I wondered why he was asking me such a simple question. The Festival of Harvest is my favorite holiday, the only time Father allows me to go out to the fields with everyone else. We wear white clothes, adorn our heads with green wreaths, and celebrate the first wheat stalks of the season. The priests sacrifice the gift of the first fruits in the fields and thank God for His abundance. Mother told me that, before the Decree of the Temples, the priests used to sacrifice the harvest in our beautiful temple, whose remnants can still be found in the center of Zeredah. Its walls were made of wood and lined with a velvet curtain. What she missed most of all was the stone bull in front, the symbol of our patriarch Joseph. The soldiers had shattered it, leaving nothing behind.
“The Festival of Ingathering,” Mother whispered.
“Silence, woman!” The commander resumed his frightful expression.
I suddenly remembered that I had heard of such a holiday before. Mother had once muttered angrily that the king forced us to celebrate Judah’s Festival of Ingathering and commanded us to forget our own holiday. I had asked her how our holiday was observed, but Father cut her off and wouldn’t let her answer me.
“The last holiday we celebrated in Zeredah this year before the Festival of Booths was the Festival of Ingathering.” I said this confidently, and a sigh of relief sounded behind me, as if everyone had just exhaled at the same time.
The commander ordered me to come closer and describe exactly how we celebrated it. Without thinking, I told him about dancing in the fields around large piles of gathered harvest, and about the wonderful feast we had. I don’t know where these descriptions came from, but the commander’s expression told me that I sounded convincing.

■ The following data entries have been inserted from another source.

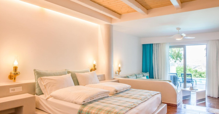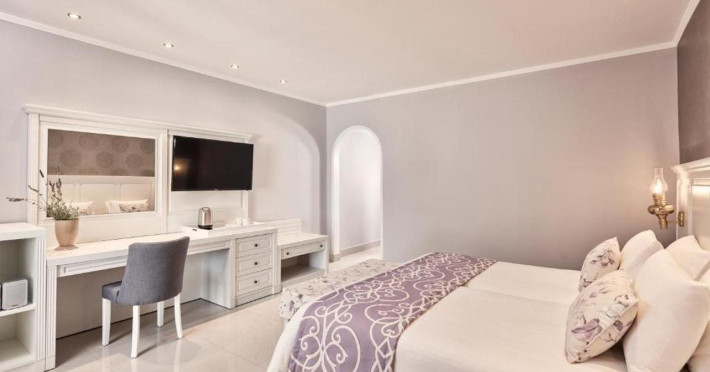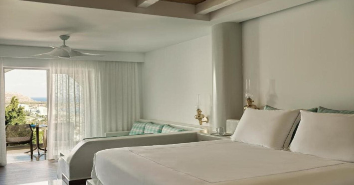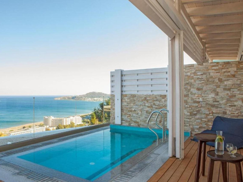 Facilities and services included 24-hour reception, concierge service, luggage room, courtesy room, Wi Fi in public areas, mini market/souvenir shop, boutique, 2 outdoor swimming pools (includes 1 heated pool during October-April), sunbeds & umbrellas (free at the pool, with extra charge at the public beach), pool/beach towels, onsite parking, private chapel, airport & port transfer service (on request with extra charge), car & motorbike rental (extra charge), complimentary shuttle bus service to the beach (every 20 mins), pet sitting service (extra charge), doctor on call (extra charge), first aid, restaurants, bars, fitness room, spa center with indoor heated pool (extra charge), hammam (extra charge), jacuzzi (extra charge), and massage treatments (extra charge). Sports facilities include billiards (extra charge), tennis court & tennis equipment, table tennis.Room features air-conditioning/heating , Wi-Fi, direct-dial telephone, safety deposit box, Smart TV (with satellite channels), mini fridge, mini bar (extra charge), coffee & tea facilities, bathtub/WC or shower/WC, hairdryer, bathroom amenities, bathrobe, slippers, balcony/terrace, wake-up service, 16-hour room service (extra charge), maid service (daily), towel change (4 times per week or daily on request), linen change (3 times per week or daily on request), laundry & ironing service (extra charge), bottle of water in the room upon arrival.Note: - Dogs up to 7 kg are allowed (on request & with extra charge)- Only guests 16 years old and above can be accommodated- Some of the facilities may be closed due to weather / seasonal conditions.Address: Leof. Kallitheas P.o Box: 202 Kalithea, Rhodes, Greece 85100.
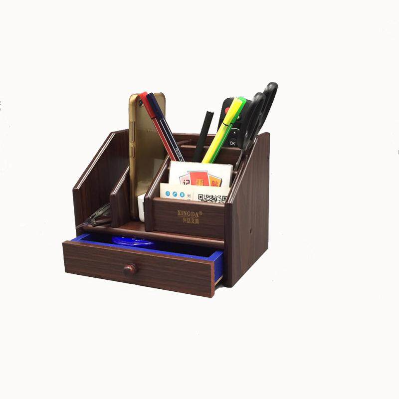 Xinda stationery wooden drawer multifunctional pen holder Office combination storage supplies oblique Pen Holder
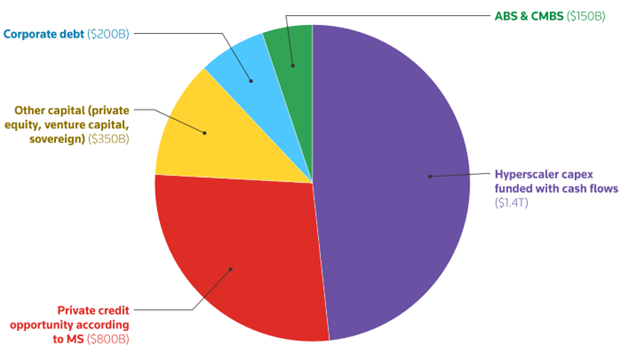 Figure 1: Morgan Stanley (MS) estimates for how the global data centre buildout will be financed (October 2025)
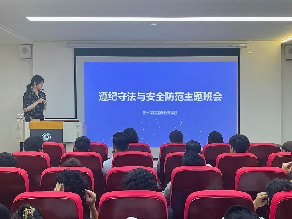 主讲老师结合近期高校典型案例,提醒学生严防各类诈骗,警惕“低价换汇”“冒充熟人”等骗局,拒绝点击来路不明的链接或下载陌生软件。向学生强调注意出行安全,遵守交通法规,规范使用共享交通工具,并结合德州夏季天气特点,提醒学生及时关注极端天气并做好防范。会上再次向全体学生公布学院应急联系电话,确保学生紧急事件响应渠道畅通。
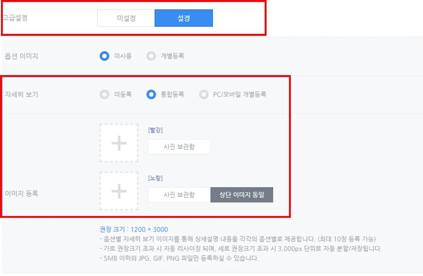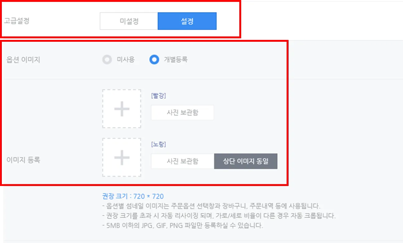 1) 상품등록 화면에서 ‘고급설정’ 기능을 설정으로 변경 후 옵션 이미지를 등록할 수 있습니다.
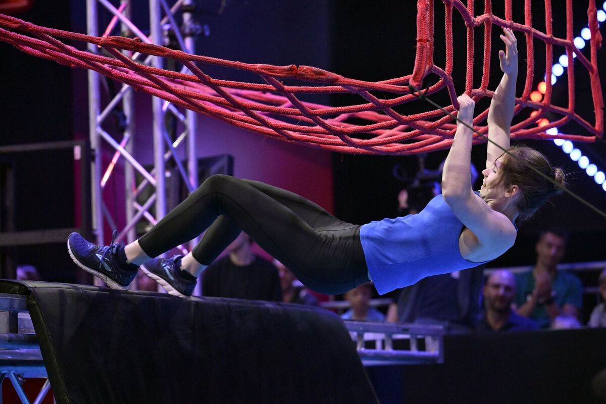 Schon vor ihrem Start hatte Alisah Kammer ein Lächeln auf den Lippen »Das ist grundsätzlich eine gute Voraussetzung«, kommentierte Köppen. Die Kandidatin übersprang zwei pfeilförmige Plattformen souverän. Am zweiten Hindernis – ein riskanter Sprung vom Trapez an ein gepolstertes Pendel – sahen die Kommentatoren die 20-Jährige schon ins Wasser fallen. Sie bekam das Pendel weit unten zu greifen und drohte abzurutschen. »Oh, oh«, entfuhr es den Kommentatoren. Doch die erfahrene Kletterin bewies Stärke, zog sich nach oben, und brachte Köppen, Buschmann sowie ihre am Rande des Parcours mitfiebernden Eltern zum Jubeln. »Das war die riskanteste Variante, die man für dieses Hindernis wählen kann«, stellte Köppen fest und lobte Alisah Kammers Willenskraft. »Sie macht es gut bis hierhin, aber auch spannend. Man merkt ihr die nicht vorhandene Erfahrung an.«
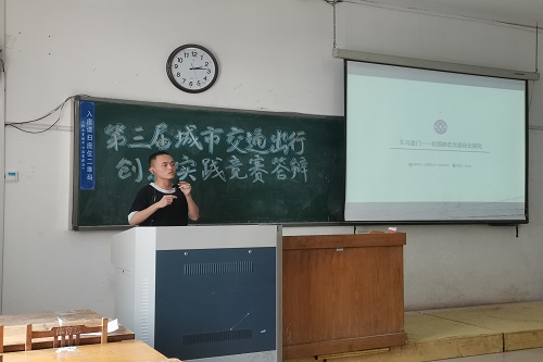 此次比赛采用线上线下“双线共行”的评比方式。 竞赛答辩开始之前,参赛选手们自行组队,并完成小组PPT的制作。答辩中,同学们将作品结合需求管理,提出多种利于改善交通系统运转的提议,以此提高城市空间的价值,从而改善交通出行,使城市交通更加绿色低碳、空间得到更好的利用。其中,第七组队伍代表姜正宇以“智能出行”为主题,对淄博市的停车问题做出了多方面的分析,并提出了创新性的解决方案。随后,杨光杰对其答辩提出了建议,他指出,对于项目基础建设,应详细地分析施工地的最优选择;对于高峰路段的规划分析,要注重于基础建设的结合。活动最后,活动负责人将评委们的打分卡收回、统计,比赛结果将于近期公示。
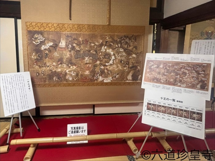 「珍皇寺参詣曼茶羅図」(複製)。こちらの本図に描かれているのは、中世におけるお盆(盂蘭盆)の精霊迎えの様子、「六道まいり」を表現したもので、見る箇所で、当時の参拝人や本堂を中心とした、閻魔堂の様子に、小野篁が冥土に通ったという古井戸も右上の角に描かれており、現世と冥界の境にあるとされた当寺でのこうした光景は、多くの人達に地獄世界を啓蒙するうえで大きな役割をはたしたと伝えられています。
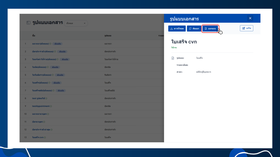 - เลือกรูปแบบใบเสร็จที่ต้องการจากนั้นคลิก
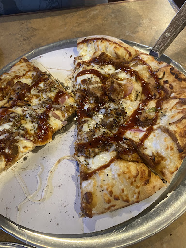 The pizza tasted as if it had been sitting. Took one bite and said no thank you. The thin crust bread was soggy. A calzone was also ordered and the bread was soggy as if it was sitting there. The calzone was also warm at best. A bbq chicken sandwich was order by another person in our party and the chicken was cold. I tasted some of the chicken and it was again bland. Iām not sure if it was meant to be served like that, but food was overall disappointing to say the least.
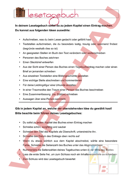 In deinem Lesetagebuch sollst du zu jedem Kapitel einen Eintrag machen. Du kannst aus folgenden Ideen auswähle: • Aufschreiben, was du beim Lesen gedacht oder gefühlt hast • Textstellen aufschreiben, die du besonders lustig, traurig oder spannend findest (begründe weshalb dies so ist) • An geeigneten Stellen im Buch den Text verändern oder weiterschreiben • Personen des Buches zeichnen • Einen Steckbrief entwerfen • Aus der Sicht einer Person des Buches einen Tagebucheintrag machen oder einen Brief an jemanden schreiben • Aus einzelnen Textstellen eine Bildergeschichte gestalten • Eine wichtige Stelle abschreiben und kommentieren • Für deine Lieblingsfigur eine Urkunde erstellen • In einer Traumwolke den Traum einer Person des Buches beschreiben • Eine Zusammenfassung (ca. 5Sätze) schreiben • Aussagen über eine Person sammeln Gib in jedem Kapitel an, welche der obenstehenden Idee du gewählt hast! Bitte beachte beim führen deines Lesetagebuches: • Du sollst zu jedem Kapitel des Buches einen Eintrag machen • Schreibe schön, sorgfältig und sauber • Schreibe den Titel des Kapitels als Überschrift, unterstreiche ihn. • Schreibe das Datum des Eintrags oben rechts auf • Wenn du etwas wörtlich aus dem Kapitel abschreibst, wähle eine besondere Farbe. Schreibe die Seitenzahl des Buches unter das Abgeschriebene • Nummeriere die Seitenzahlen deines Tagebuches unten in der Mitte des Blattes • Lass die erste Seite frei, um zum Schluss noch ein Inhaltsverzeichnis zu schreiben • Zum Schluss wird das Lesetagebuch bewertet
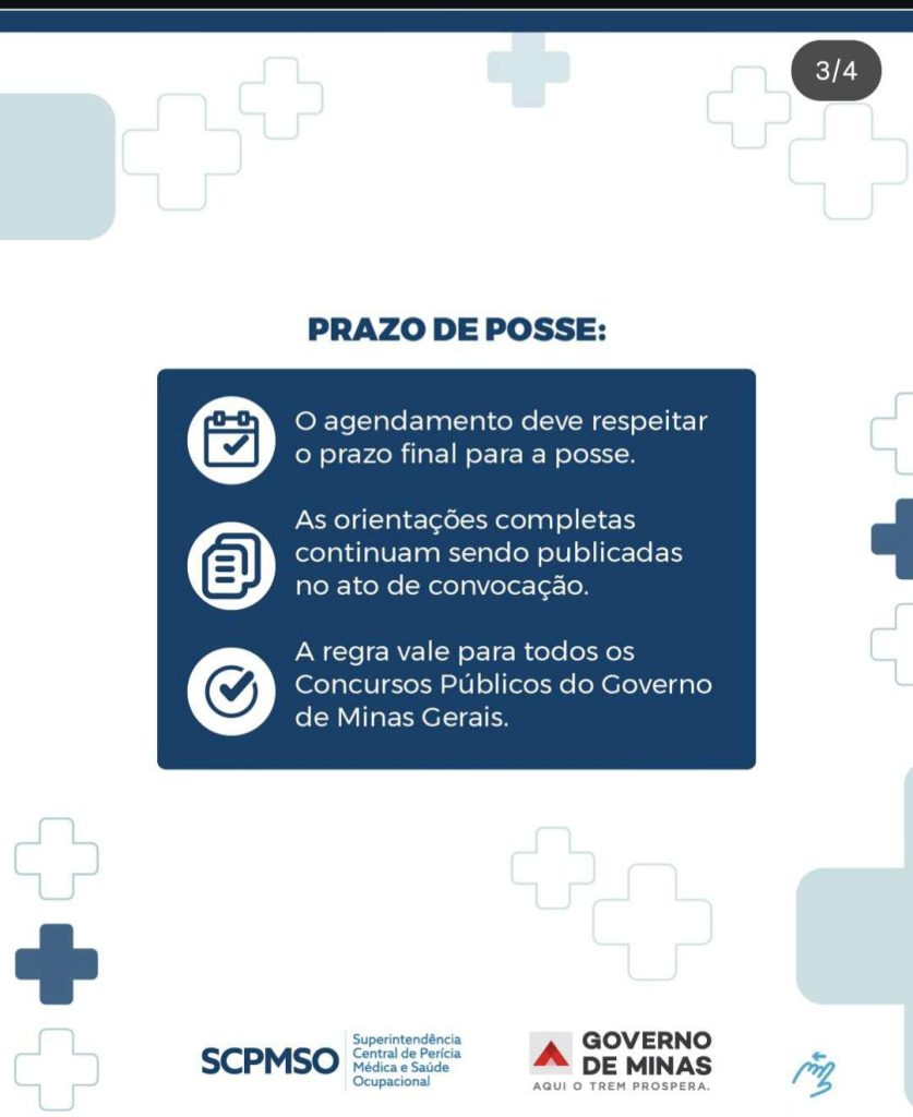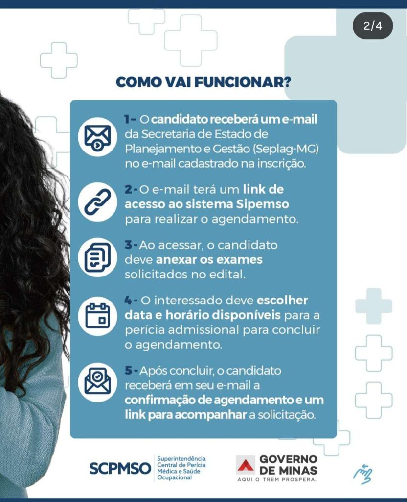 O candidato receberá, no e-mail cadastrado no ato da inscrição, uma mensagem da Secretaria de Estado de Planejamento e Gestão (Seplag-MG) contendo o link de acesso ao sistema Sipemso. Para formalizar o agendamento da perícia admissional, é imprescindível realizar o upload dos exames exigidos em edital e selecionar uma data e horário disponíveis para realização da perícia admissional. Após a finalização do procedimento, será enviado um e-mail de confirmação acompanhado do link para acompanhamento da solicitação. Ressalta-se que o agendamento deve observar o prazo limite para a posse, e as orientações completas continuam sendo publicadas nos atos de convocação.
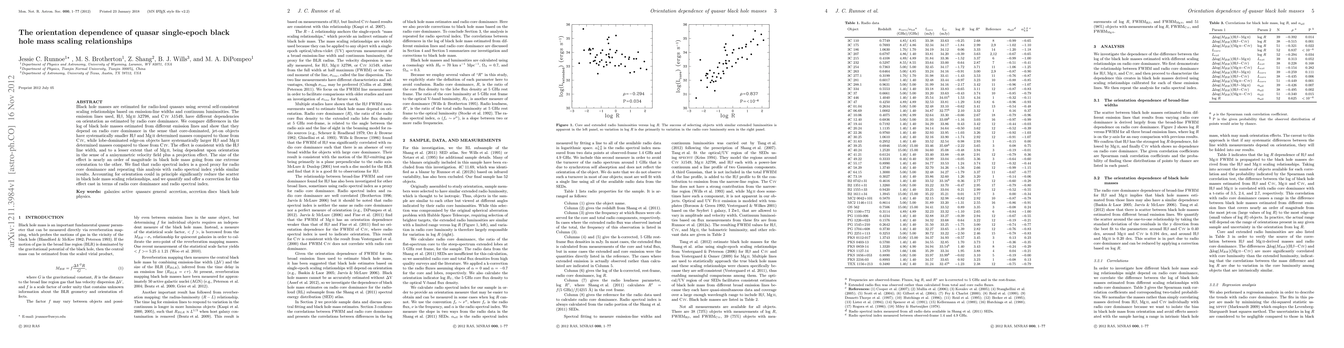 This paper investigates how the orientation of radio-loud quasars affects the estimation of black hole masses using different emission lines. It finds that quasars with dominant radio jets show smaller masses when estimated via H-beta and Mg II lines, compared to those estimated via C IV, suggesting orientation-dependent effects on emission line widths.
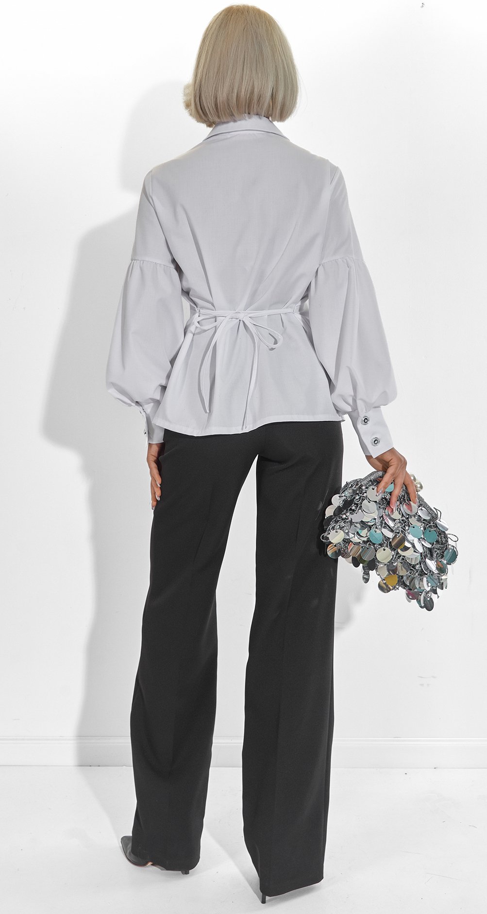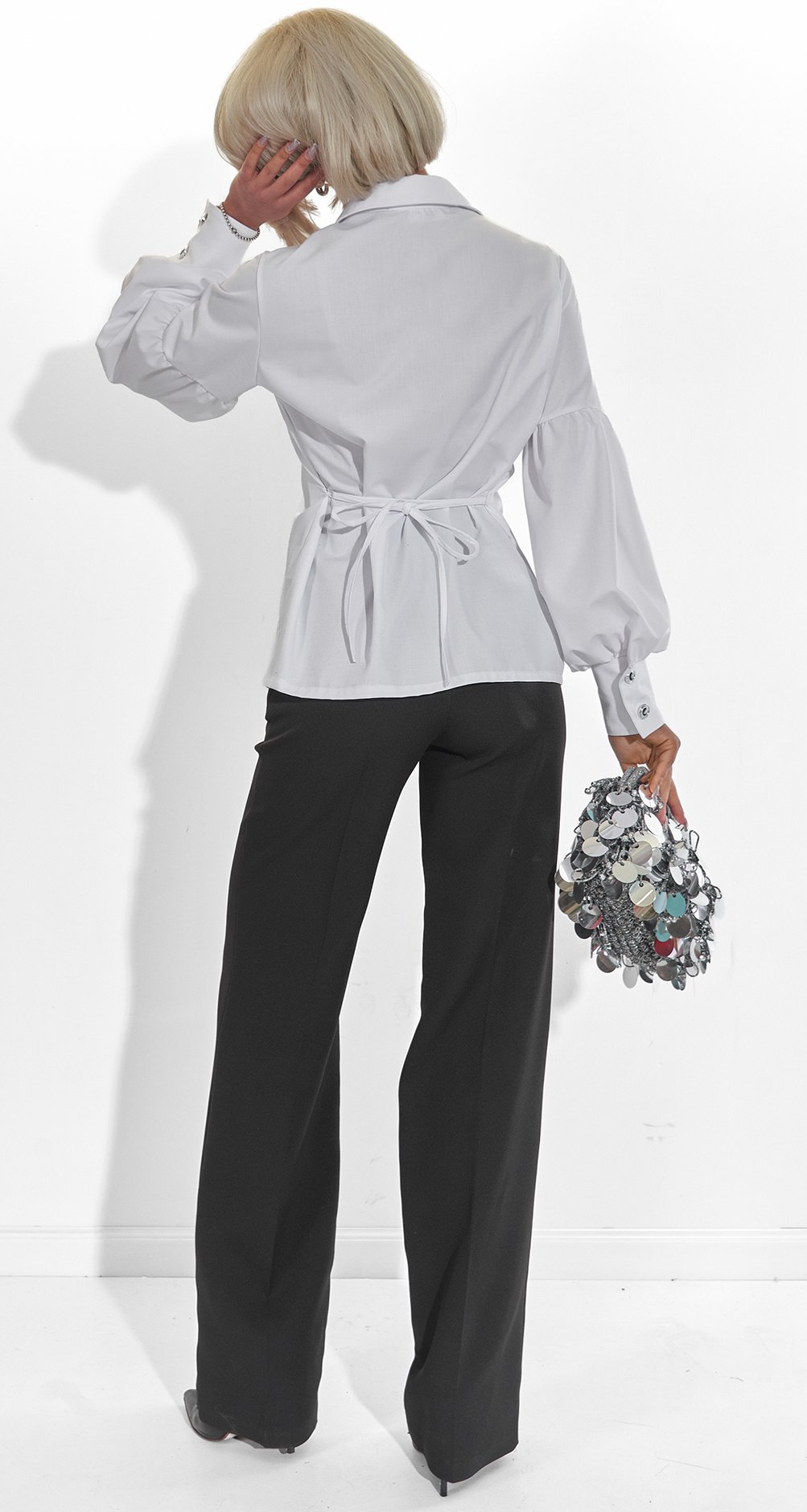 Ми пропонуємо поєднати цю блузу з нашими шовковими брюками пліссе білого кольору. Це поєднання фактур – матової сорочки та сяючого пліссе – створює образ неймовірної розкоші та легкості.
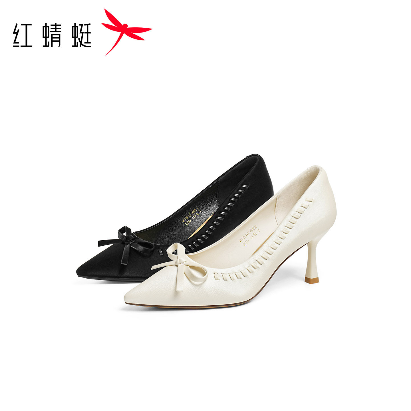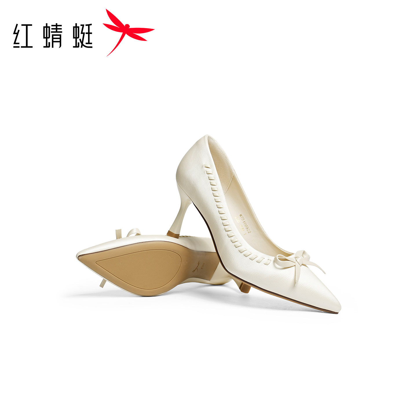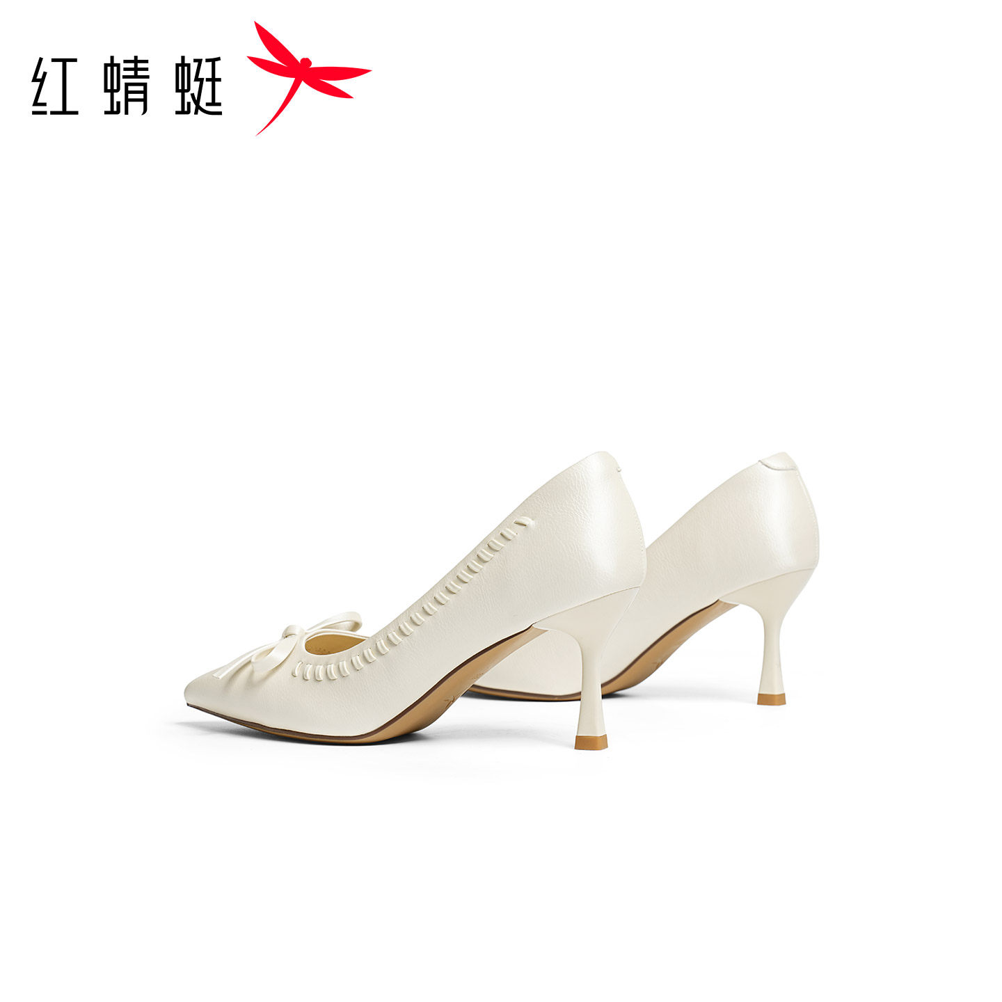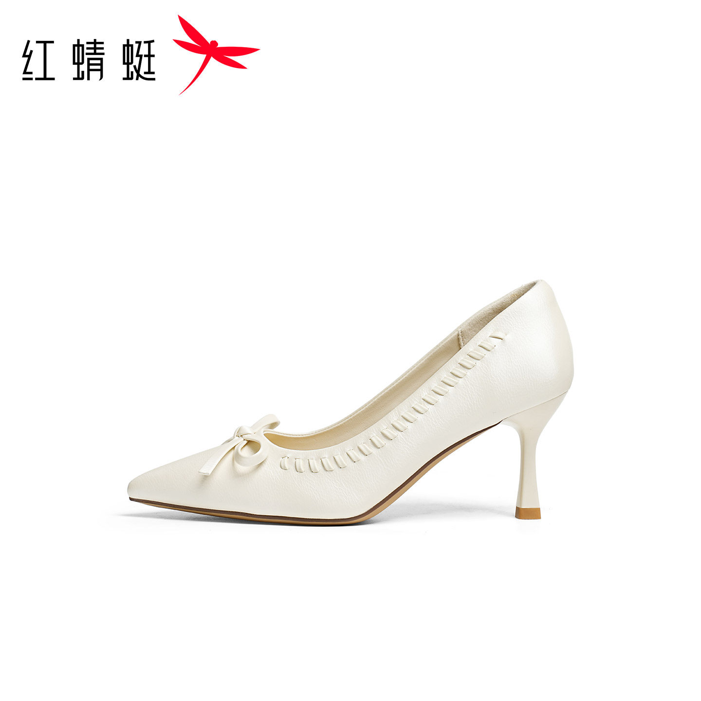 红蜻蜓高跟鞋女2026春季新款女鞋法式不累脚皮鞋白色尖头细跟单鞋

“And how did you thank our God?” he asked slowly. “Did you offer animal sacrifices, or did you make do with a sacrifice of the gathering?”
I was confused and unsure what to say. I glanced at Mother and saw her turning pale. Then I looked back up at the man and said, “Sacrifices? In Zeredah? God forbid! We only offer sacrifices at the new temple in Jerusalem!”
* * *
The people of Ephraim would recount this story for a long time, marveling at the little boy who had managed to trick armed soldiers and save the people of Zeredah.
Mother was also impressed. She waited for the military convoy to disappear into the mountains, then called me back up to the wagon to accompany her to the lepers’ cave. But I had had enough for one day and suggested we wait till morning.
“Don’t be lazy,” she urged me. “I can’t wait to tell the lepers what happened to us today. I want them to know what a clever son I’ve got.”
“It’s my story,” I said proudly. “I want to tell it.”
“You?” She chuckled. “You’d better not. The story is interesting enough without your embellishments.”